Чувства Марии Терезии и Франца с годами не то чтобы остыли, но испытали влияние образа жизни венценосных супругов.
К тринадцатилетней годовщине счастливого брака Мария Терезия заказала саркофаг для усыпальницы в церкви ордена капуцинов. На крышке надгробного памятника изобразили императорскую чету, воскресшую в день Страшного суда. Они склонились друг к другу, молодые, пылкие, готовые броситься друг другу в объятья, а ангел держит венок над головами супругов. Кроме того, глубокий вырез на церемониальном платье императрицы показывал ее красивые плечи и грудь, да и поза императора была несколько двусмысленной. Никакого смирения и благочестия, более приличествующих для королевской усыпальницы, сей монумент не выражал. Ничего удивительного в том, что женщина-императрица хотела остаться в веках молодой, красивой и полной жизни, да и мужа она любила по-прежнему. Но вот Франц уже не был верным возлюбленным.
Он соединял в себе все, что могло привлечь женщин: привлекательность, доброту, образованность. Это был настоящий светский человек: хороший охотник, грациозный танцор и образцовый любовник, недаром он провел свои юные годы при французском дворе. Супруга добилась для него короны Священной Римской империи (которую не могла получить как женщина) и надеялась, что он проявит себя как военный или дипломат. Однако в конце концов его участие в государственных делах свелось к функции супруга. Но и это постепенно стало для него малопривлекательным, так как его жена была почти постоянно беременна, а ее образ жизни не предполагал даже частых встреч супругов вне общей спальни в Хофбурге.

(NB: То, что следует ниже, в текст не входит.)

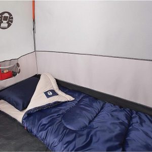 Blocks 90% sunlight so you can sleep past sunrise in the Coleman 4-person tent while staying warm to 20°F in the Coleman sleeping bag.

Конечно, Франц был совсем не одинок в своем стремлении к жизненным удовольствиям. Это вообще был легкомысленный век, и нравственные устои в Вене, как и других местах, были не такими, как хотелось бы строгим моралистам. Флирт и любовные интрижки занимали мысли не только придворных красавиц, но и зрелые государственные мужи не отказывали себе в разного рода амурных приключениях.
Мужчины дружили с любовниками своих жен и даже были им благодарны за то, что они взяли на себя часть их обременительных обязанностей. Тем более, что они сами также замещали кого-то в другом месте и просто не успевали бы уделять внимание еще и своим женам. Говорили, что замужние дамы фактически имели двух мужей: одного, чье имя они носили, и другого, который фактически исполнял обязанности мужа. Грубость и безнравственность были везде: и в театре, и в жизни, рождение ребенка даже в самых знатных семьях часто вызывало шквал непристойных комментариев.